▶ Work to be completed
Without the pictures, set down every line of the data exactly.

▶ Given material
—————
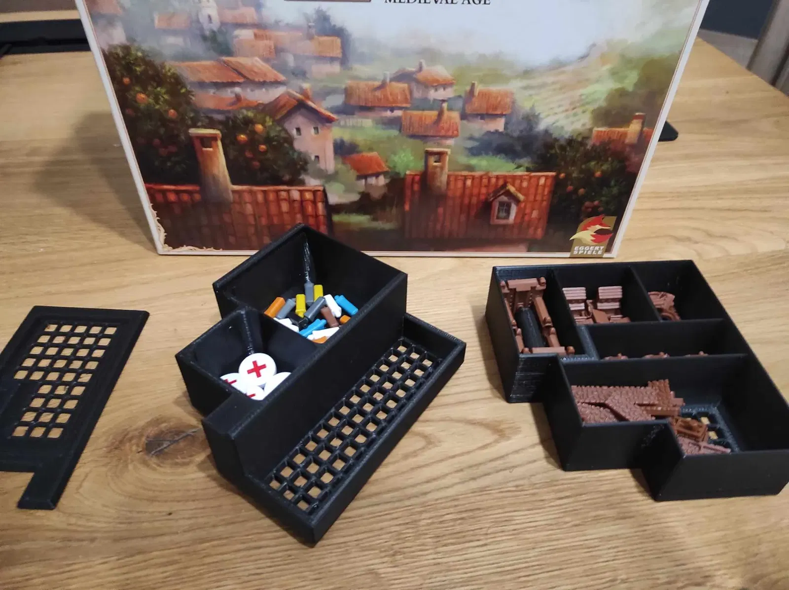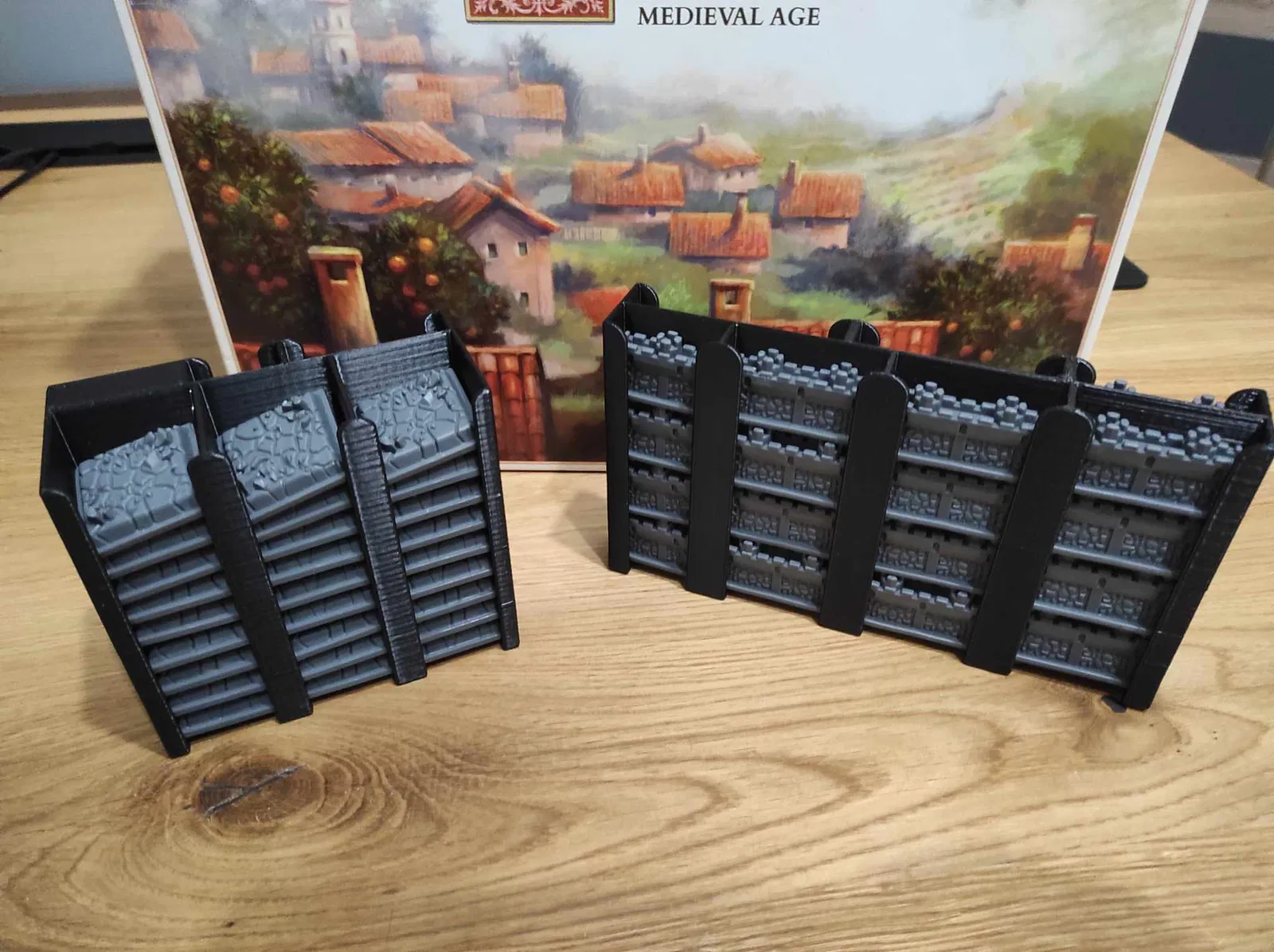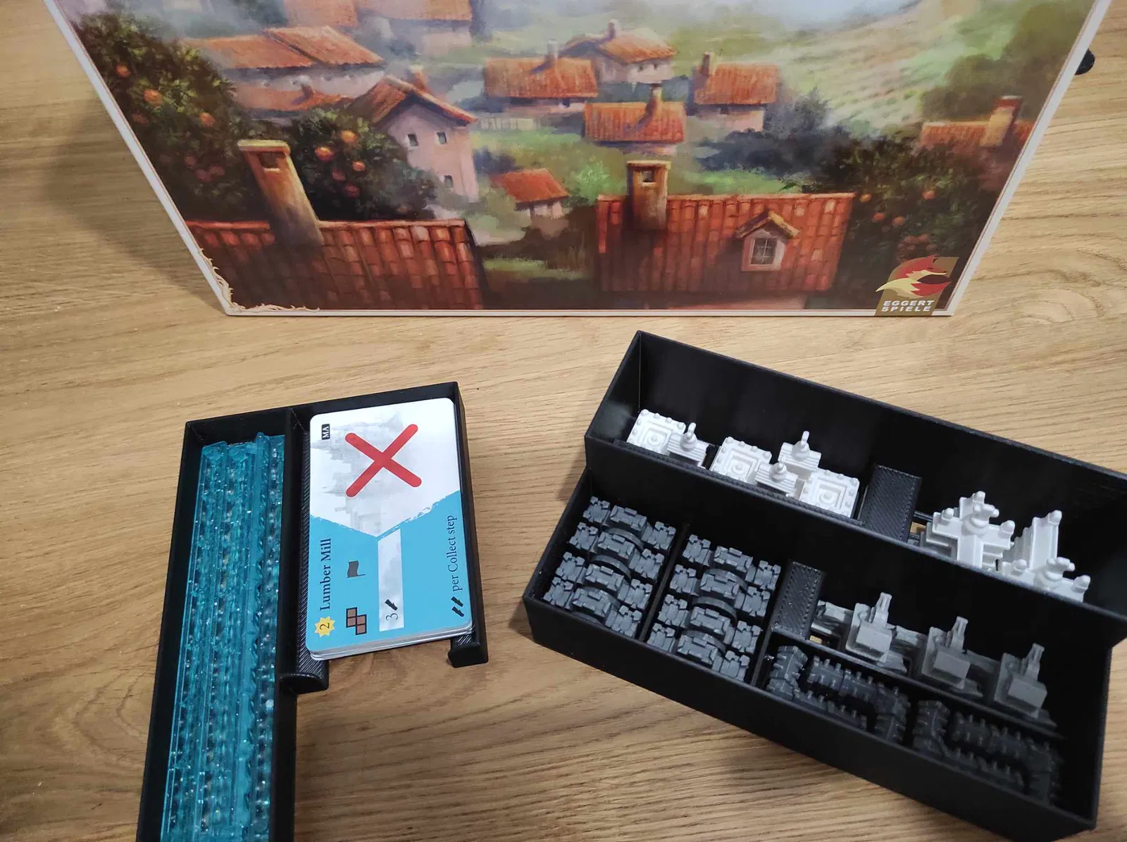 - Tôi muốn giảm thiểu không gian bàn chơi cần thiết, đó là lý do tôi chọn các khay dựng đứng, nhưng chỉ có vài khay dựng đứng vì tôi nhận ra việc xếp mọi thứ trở lại hộp có thể là một thử thách và một câu đố nếu tôi quyết định làm mọi thứ dựng đứng hoàn toàn.
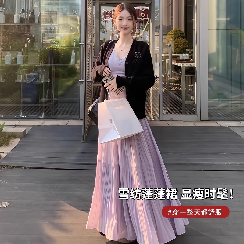 紫色半身裙女夏季薄款2025新款高腰a字蛋糕裙垂坠感中长款压褶裙
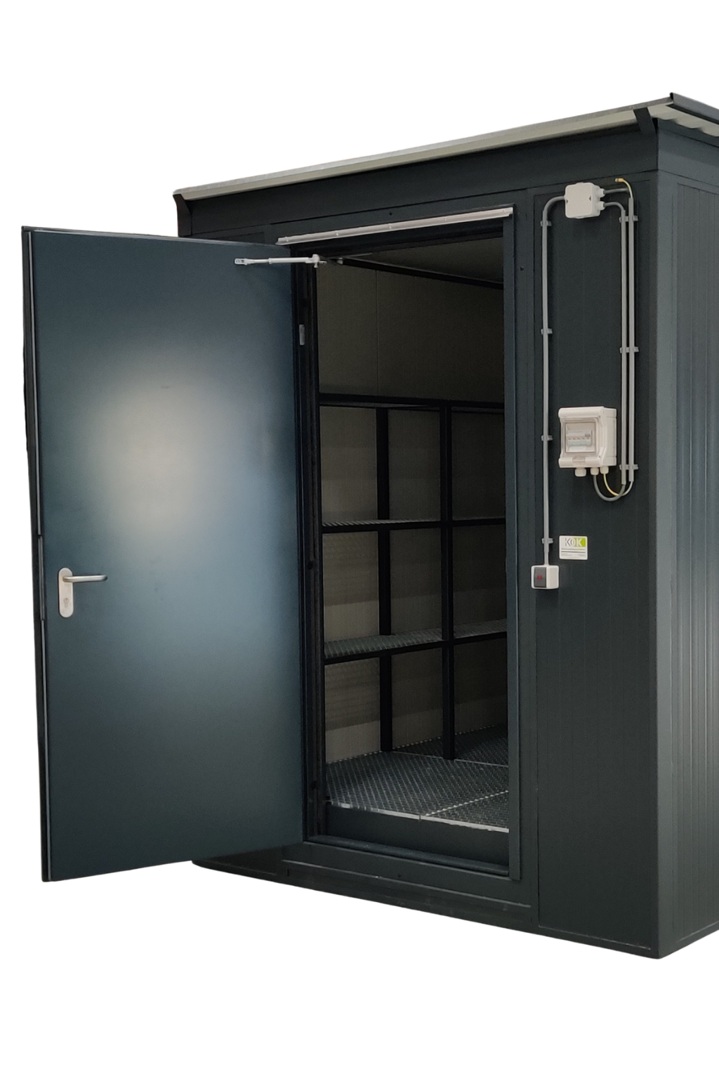 Kontener typu Walk-In został zaprojektowany jako uniwersalne rozwiązanie do bezpiecznego przechowywania baterii litowo-jonowych oraz urządzeń i pojazdów elektrycznych o większych gabarytach. Dzięki konstrukcji umożliwiającej swobodne wejście do wnętrza kontenera, rozwiązanie to sprawdza się wszędzie tam, gdzie konieczne jest składowanie większej liczby akumulatorów, zróżnicowanych rozmiarów baterii lub całych urządzeń w jednym, wydzielonym miejscu.
—————
▶ Your response
 - Tôi muốn giảm thiểu không gian bàn chơi cần thiết, đó là lý do tôi chọn các khay dựng đứng, nhưng chỉ có vài khay dựng đứng vì tôi nhận ra việc xếp mọi thứ trở lại hộp có thể là một thử thách và một câu đố nếu tôi quyết định làm mọi thứ dựng đứng hoàn toàn.
 紫色半身裙女夏季薄款2025新款高腰a字蛋糕裙垂坠感中长款压褶裙
 Kontener typu Walk-In został zaprojektowany jako uniwersalne rozwiązanie do bezpiecznego przechowywania baterii litowo-jonowych oraz urządzeń i pojazdów elektrycznych o większych gabarytach. Dzięki konstrukcji umożliwiającej swobodne wejście do wnętrza kontenera, rozwiązanie to sprawdza się wszędzie tam, gdzie konieczne jest składowanie większej liczby akumulatorów, zróżnicowanych rozmiarów baterii lub całych urządzeń w jednym, wydzielonym miejscu.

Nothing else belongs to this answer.